The promoter and intronic sequences contain all four enhancer regions required
for activity in the floor plate and notochord
(Müller et al., 1999
).
The integrated transgene is stably expressed in six subsequent generations,
and is composed of head to tail concatemers of the transgene construct in an
unknown number of copies (Y. Hadzhiev, unpublished).
Histochemical methods
In situ hybridization was performed on wholemounts, using shh as a
probe (Krauss et al., 1993), a
fluorescent signal was obtained by using Fast Red as a substrate for alkaline
phosphatase (Roche), followed by confocal analysis. Antibody labeling was
carried out on 12 µm thick cryosections and analyzed with a Leica confocal
microscope. The following antibodies were used: rabbit anti-GFP (Torrey Pines
Bioloabs, San Diego; 1:1000); mouse anti-Isl1 (Developmental Studies Hybridoma
Bank; 1:50); mouse anti-Zn5 (University of Oregon; 1:500); mouse anti-Zpr1
(University of Oregon; 1:200); mouse anti-zpr3 (University of Oregon; 1:200);
mouse anti-Glutamine Synthetase (BD Biosciences; 1:500); rabbit anti-cPKC
ßI (Santa Cruz Biotechnology; 1:200); and rabbit anti-GAD67 (Chemicon;
1:50). F-actin staining was carried out as described previously
(Pujic and Malicki, 2001
),
using Alexa Fluor 568-conjugated phalloidin (1:40; Molecular Probes).
Transplantation
Transplantations were performed as described in Ho and Kane
(Ho and Kane, 1990). Donor
embryos transgenic for shh-GFP were injected at the one- to
eight-cell stage with a 2.5% mixture of biotin- and rhodamine-conjugated
dextrans (Molecular Probes) in a 1:9 ratio. Approximately 5-30 donor cells
were transplanted into the animal pole of host embryos from a syu
incross at late blastula stage. Host embryos were cryosectioned and analyzed
by immunofluorescence, as described above. The biotin tracer was detected with
Alexa Fluor 647-conjugated streptavidin (1:500; Molecular Probes) during the
secondary antibody incubation.
Time-lapse analysis
Prior to imaging, shh-GFP transgenic embryos were manually
dechorionated and transferred to embryo medium with 0.02% (w/v) tricaine.
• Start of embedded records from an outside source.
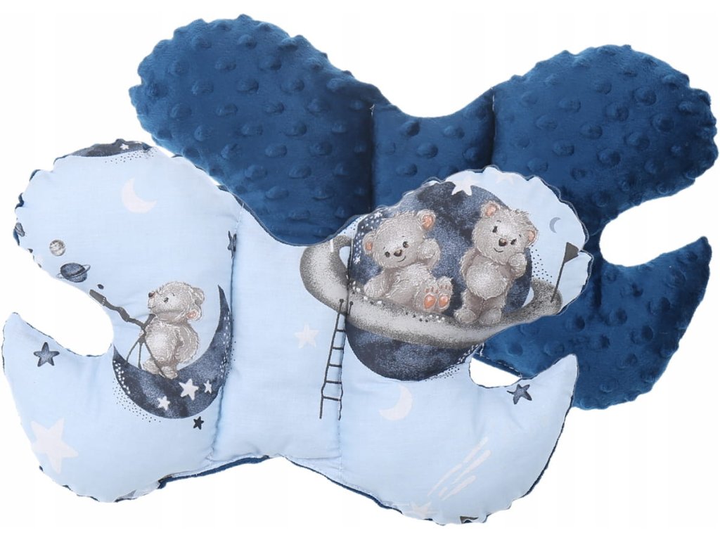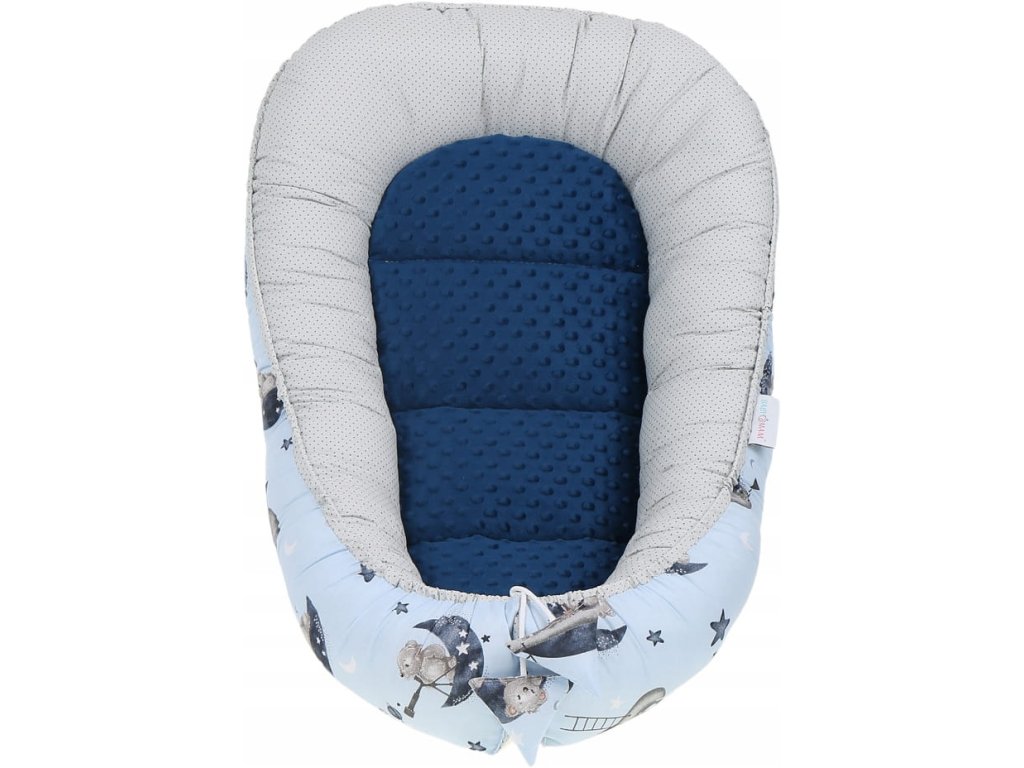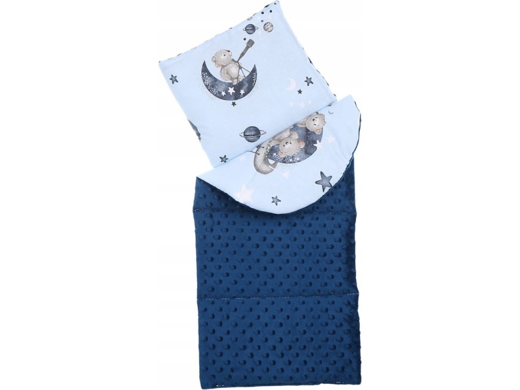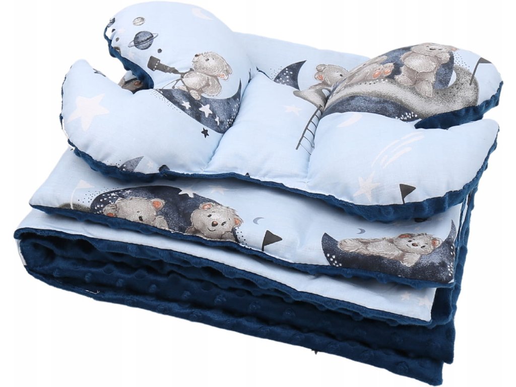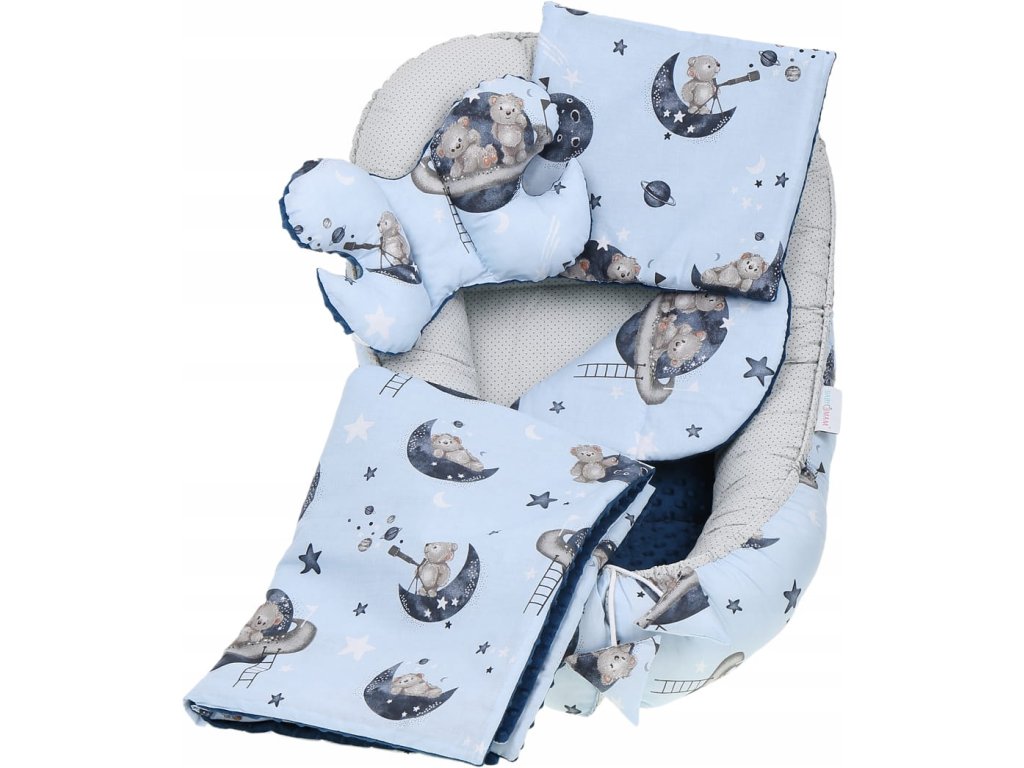 Set za posteljico, 7-delni, vzorec: medvedek, barva: modra, siva, material: bombaž, minky, v paketu: gnezdo, antišok vzglavnik, odeja, vzmetnica, raven vzglavnik, zavijalna odeja, bombažni prevlek, pranje v pralnem stroju pri temperaturi 40°C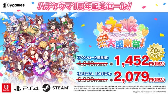 株式会社Cygamesは、Nintendo Switch™、PlayStation®4、Steam®向けのドット絵アクションゲーム『ウマ娘 プリティーダービー 熱血ハチャメチャ大感謝祭!』が2025年8月30日に発売1周年を迎え、これを記念して特別イラストの公開とともに70%OFFの大幅値引きセールを実施している。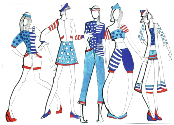 Рисунок 3 – Эскиз коллекции «Морячка», автор Валова О. Е., 2017 г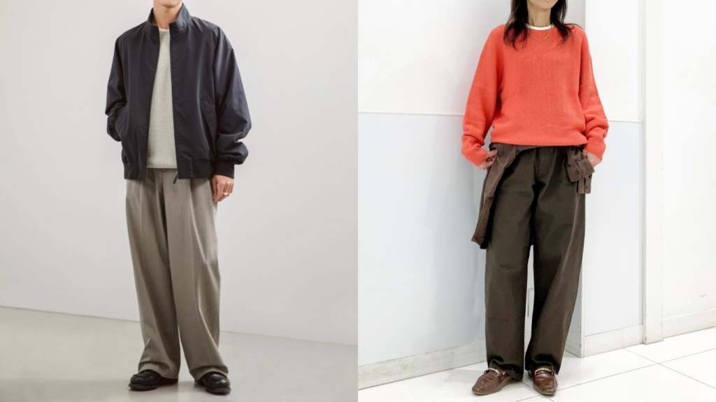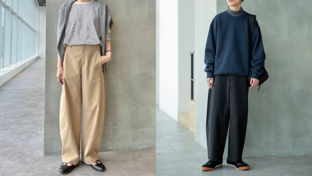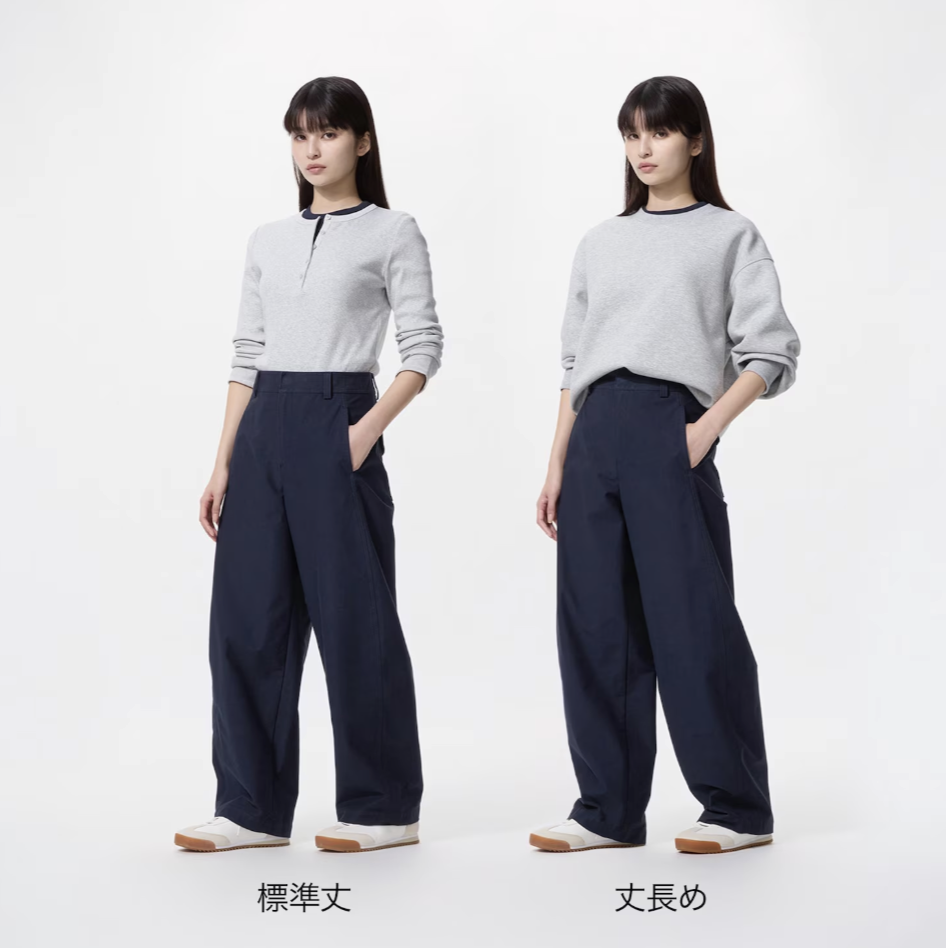 左側は女性、右側は男性が着用されています。男女問わずシルエットが凄く綺麗で使いやすそうです。ここ最近UNIQLOから出るワイドパンツは本当にシルエットが綺麗でクオリティーが高いと思います。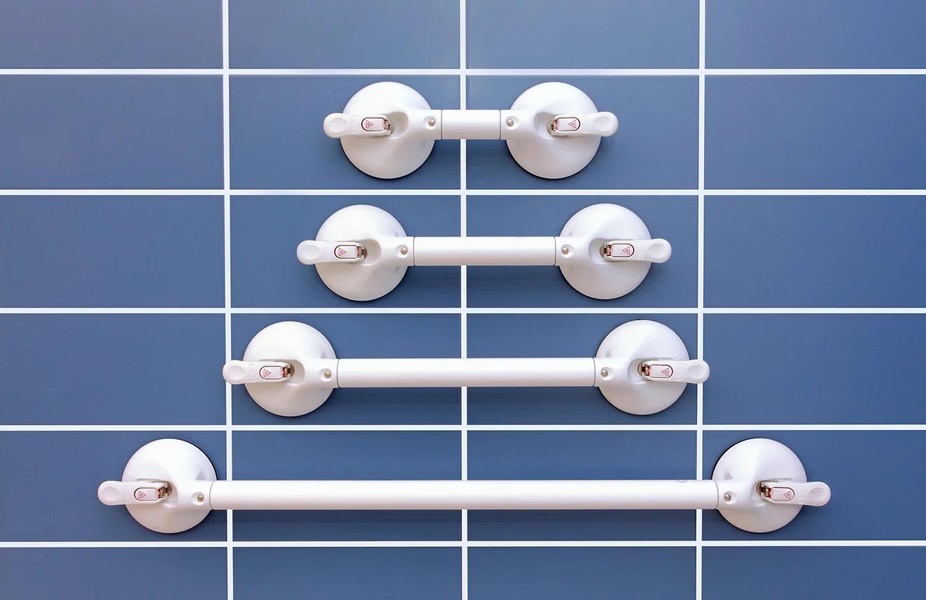 - Die mobilen Festmaß Haltegriffe mit Saugnapf sind für ein Fliesenrastermaß von 150 x 150 mm optimiert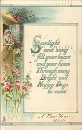 verse:- SUNLIGHT AND SONG FILL YOUR HEART AND YOUR HOME THROUGH MANY BRIGHT AND HAPPY DAYS TO COME., CHROMOGRAPHED IN BAVARIA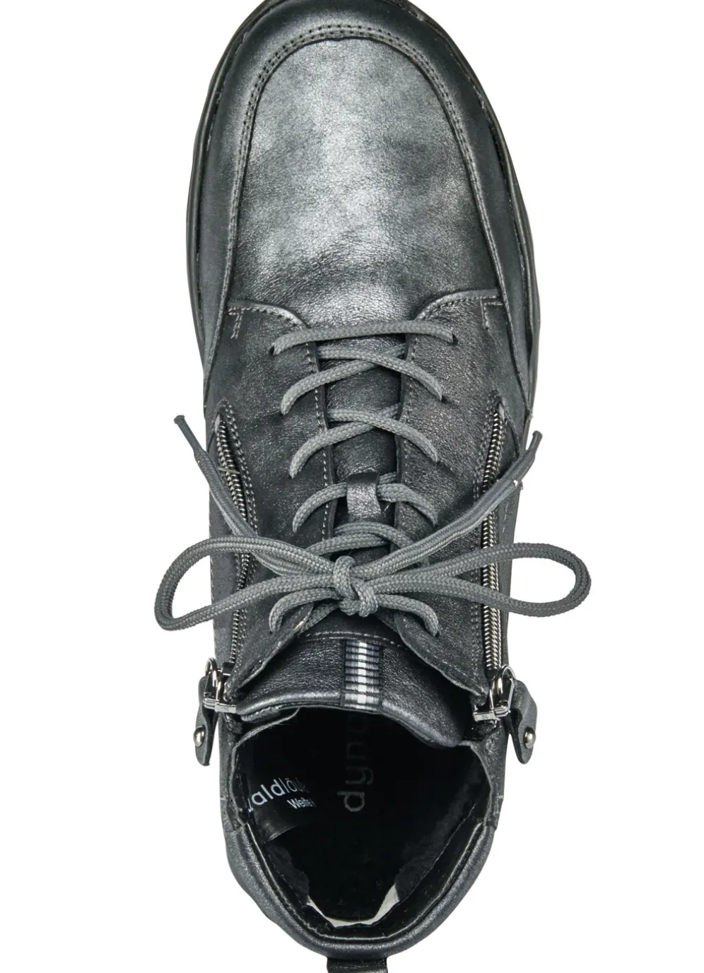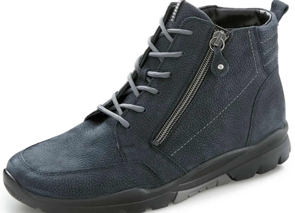 Stiefeletten aus bestem Kalb-Nubukleder oder teilweise geprägtem Veloursleder, mit Schnürung und zwei Seitenreißverschlüssen: in Weite H, Warmfutter aus 100% Baumwolle, herausnehmbares Fußbett, superleichte PU-Profilsohle mit bester Abrollfunktion und breiter Auftrittsfläche, daher Gelenk unterstützend, 20 mm Keilabsatz. Schafthöhe ca. 10 cm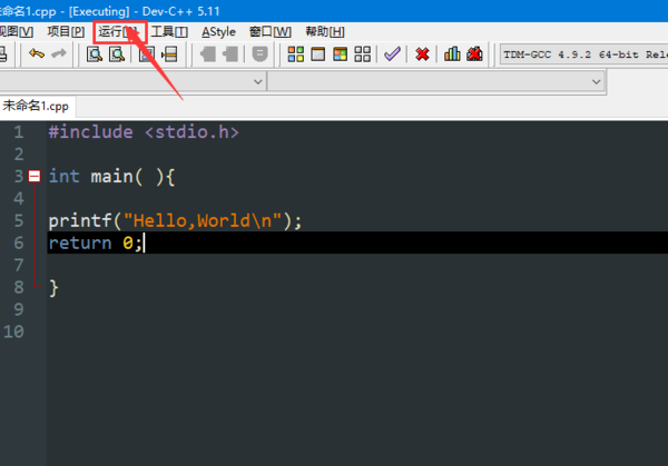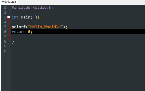 3.输入源代码,下面给出最简单的Hello,world源代码: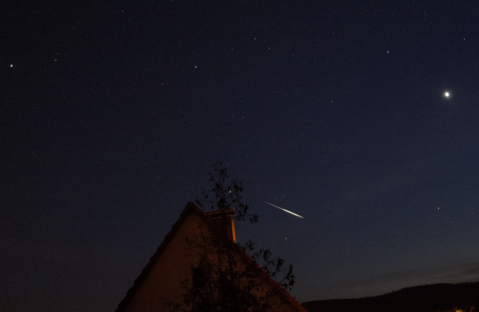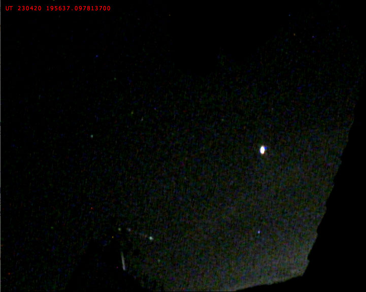 Ich wollte nicht wie die vergangenen Tage eine Strichspuraufnahme machen, sondern die einzelnen Punkte aufs Bild bringen. Aber irgendwie ist es (für mich zumindest) schwierig einen Kompromiss zu finden zwischen Verschlusszeit, Brennweite und ISO (die bei der EOS 7d eh ne Katastrophe ist ab 3200), da kam leider nix gescheites dabei raus, leider. Mit der 60d hab ich parallel dazu gefilmt, hier ein Frame daraus: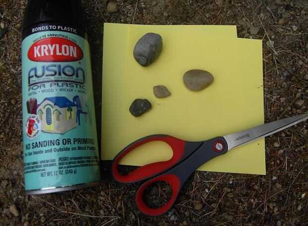 Se necesita: Pintura en aerosol (me gusta mejor negro) Dos hojas de papel Tijeras Rocas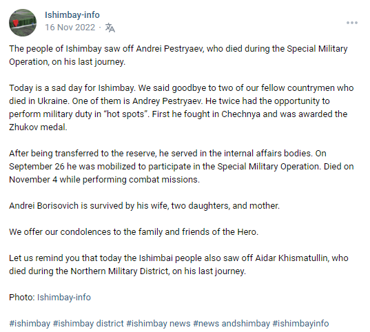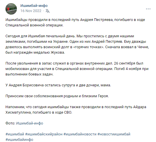 Today is a sad day for Ishimbay. We said goodbye to two of our fellow countrymen who died in Ukraine. One of them is Andrey Pestryaev. He twice had the opportunity to perform military duty in “hot spots”. First he fought in Chechnya and was awarded the Zhukov medal.

Embryos were then imbedded in a coverslip-bottomed petri dish (MatTek
Corporation), in 0.5% low melting point agarose dissolved in embryo medium
with 0.02% tricaine. After agarose polymerization, embryos were covered with
embryo medium with 0.02% tricaine. Time-lapse imaging was performed on a
LeicaNT confocal microscope using a HCPL APO 10x/0.040 IMM objective. Z
series were obtained at 5 minute intervals with 8.8 µm steps over a total
distance of 35.2 µm and then imported into ImageJ. A single z-plane was
chosen and movies were compiled using the ImageJ software.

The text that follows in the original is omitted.